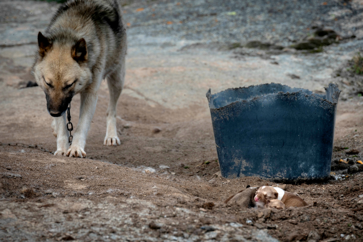 Nelle fotografie che compongono la serie scattata da Stefano Balma le persone sono pressoché assenti. In compenso, ci sono tanti cani da slitta, nella maggior parte dei casi incatenati per evitare che si attacchino a vicenda. “Se nella stagione invernale i cani vengono abbondantemente nutriti e lasciati liberi”, precisa Stefano, “durante l’estate mangiano una sola volta al giorno e questo incide sulla loro aggressività, che li indurrebbe ad azzannarsi a vicenda qualora non fossero legati”.
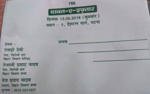दरअसल चारा घोटले में सजायाफ्ता लालू यादव मेडिकल बेल पर हैं, इसलिए वे किसी भी तरह के आयोजनों से दूर रह रहे हैं. इसी वजह से इस बार पटना में आयोजित 'दावत-ए-इफ्तार' के आमंत्रण पत्र में लालू यादव का नाम नहीं हैं. आयोजनकर्ता में लालू यादव का नाम देने से उनका बेल कैंसिल हो सकता था. इसलिए लालू यादव की जगह राबड़ी देवी, तेजस्वी यादव और तेजप्रताप यादव का नाम आमंत्रण पत्र में रखा गया है. कोई पहला मौका नहीं है कि आरजेडी की तरफ से इफ्तार पार्टी का आयोजन किया जा रहा है. पहले भी इफ्तार पार्टी का आयोजन होता रहा है लेकिन उन पार्टियों में लालू प्रसाद खुद मेजबानी करते नजर आते थे.
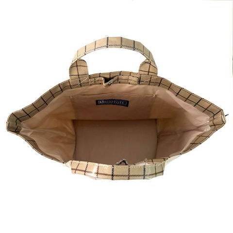 | 商品説明 | 日常使いにちょうどよいサイズ「デリ」。底マチが広く、お弁当箱など幅のある荷物も収納可能。ボトル、A5ノート、大き目ポーチ、折畳み傘など必要なものがひと通り収まります。艶のあるラミネート加工生地。燃やしても有害物質の発生が少ないラミネート素材を使用しています。汚れや水滴が拭き取りやすいのもうれしいポイント。舟形で開口部が広いため、出し入れスムーズ!口元は、ドットボタンで留められます。内側にはオープンタイプとファスナー付き、2つのポケット。サイドにはファスナー付きのルーポケット。バッグの中で迷子になりがちな小物の収納に便利です。 |
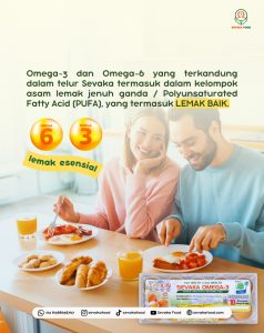 Omega-3 dan Omega-6 yang ada di telur Sevaka termasuk dalam kelompok lemak tak jenuh ganda atau Polyunsaturated Fatty Acid (PUFA), yang termasuk lemak baik.
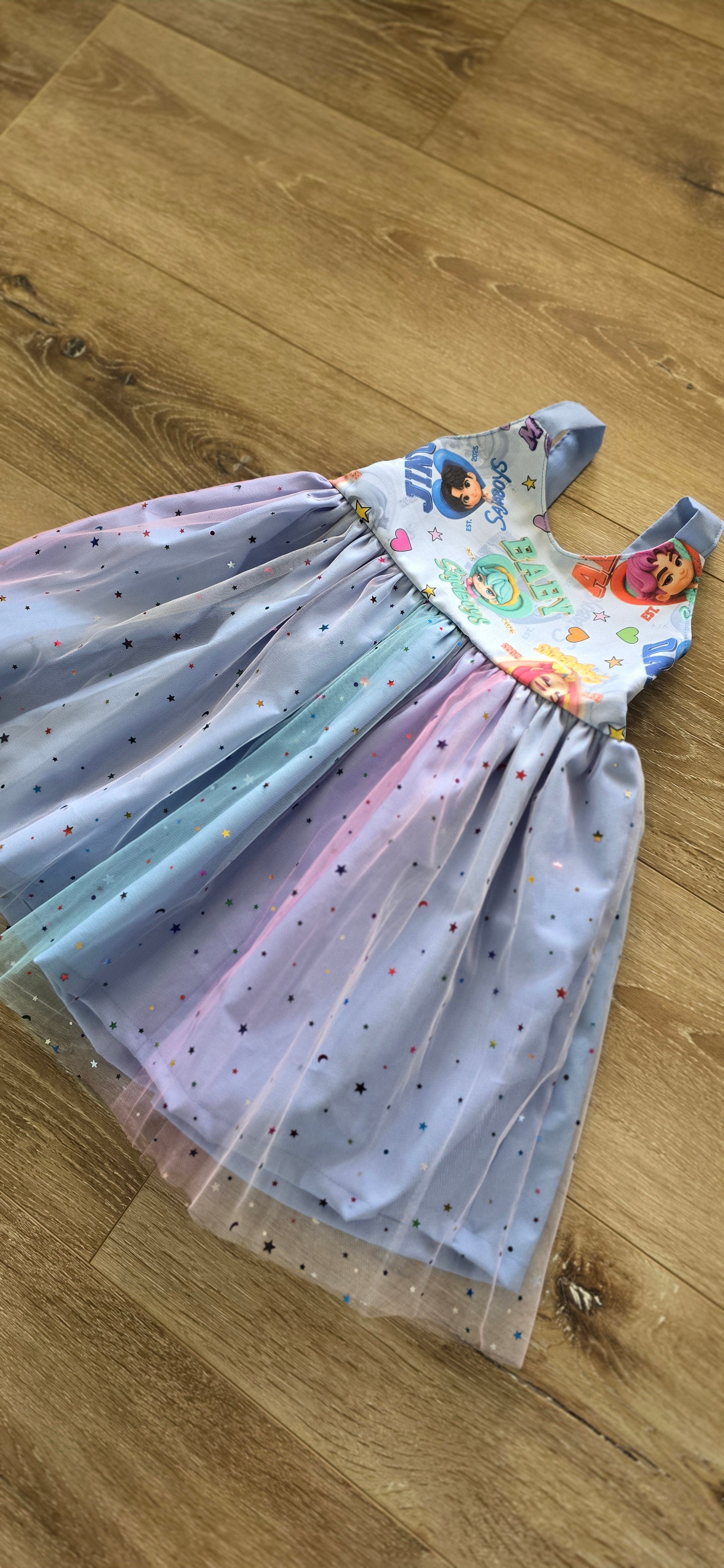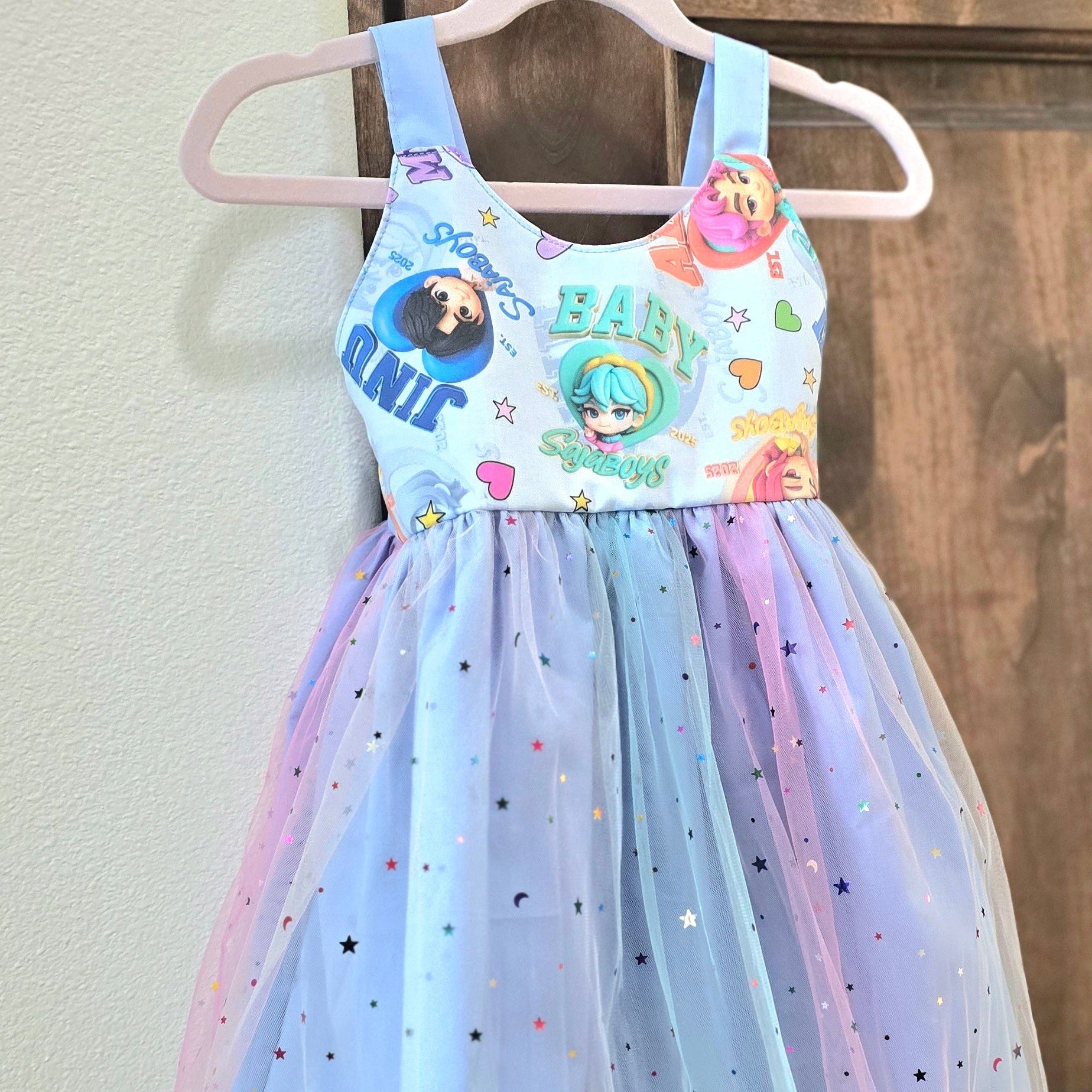 Features Saja Boys band characters all over print. Dress skirt layered with stars tulle. Wide straps. Stretchy back. 100% cotton and tulle.
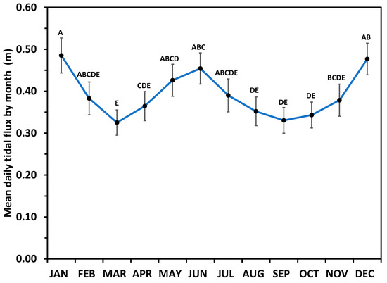 Mean daily tidal flux (±1 SE) by month during the study period. Means with the same letter are not significantly different at p < 0.05.
================
▸ **TO DO**
Without changing a word, retype the data above and omit its pictures.

▸ **TASK ANSWER**
 Nelle fotografie che compongono la serie scattata da Stefano Balma le persone sono pressoché assenti. In compenso, ci sono tanti cani da slitta, nella maggior parte dei casi incatenati per evitare che si attacchino a vicenda. “Se nella stagione invernale i cani vengono abbondantemente nutriti e lasciati liberi”, precisa Stefano, “durante l’estate mangiano una sola volta al giorno e questo incide sulla loro aggressività, che li indurrebbe ad azzannarsi a vicenda qualora non fossero legati”.
दरअसल चारा घोटले में सजायाफ्ता लालू यादव मेडिकल बेल पर हैं, इसलिए वे किसी भी तरह के आयोजनों से दूर रह रहे हैं. इसी वजह से इस बार पटना में आयोजित 'दावत-ए-इफ्तार' के आमंत्रण पत्र में लालू यादव का नाम नहीं हैं. आयोजनकर्ता में लालू यादव का नाम देने से उनका बेल कैंसिल हो सकता था. इसलिए लालू यादव की जगह राबड़ी देवी, तेजस्वी यादव और तेजप्रताप यादव का नाम आमंत्रण पत्र में रखा गया है. कोई पहला मौका नहीं है कि आरजेडी की तरफ से इफ्तार पार्टी का आयोजन किया जा रहा है. पहले भी इफ्तार पार्टी का आयोजन होता रहा है लेकिन उन पार्टियों में लालू प्रसाद खुद मेजबानी करते नजर आते थे.
 | 商品説明 | 日常使いにちょうどよいサイズ「デリ」。底マチが広く、お弁当箱など幅のある荷物も収納可能。ボトル、A5ノート、大き目ポーチ、折畳み傘など必要なものがひと通り収まります。艶のあるラミネート加工生地。燃やしても有害物質の発生が少ないラミネート素材を使用しています。汚れや水滴が拭き取りやすいのもうれしいポイント。舟形で開口部が広いため、出し入れスムーズ!口元は、ドットボタンで留められます。内側にはオープンタイプとファスナー付き、2つのポケット。サイドにはファスナー付きのルーポケット。バッグの中で迷子になりがちな小物の収納に便利です。 |
 Omega-3 dan Omega-6 yang ada di telur Sevaka termasuk dalam kelompok lemak tak jenuh ganda atau Polyunsaturated Fatty Acid (PUFA), yang termasuk lemak baik.
 Features Saja Boys band characters all over print. Dress skirt layered with stars tulle. Wide straps. Stretchy back. 100% cotton and tulle.
 Mean daily tidal flux (±1 SE) by month during the study period. Means with the same letter are not significantly different at p < 0.05.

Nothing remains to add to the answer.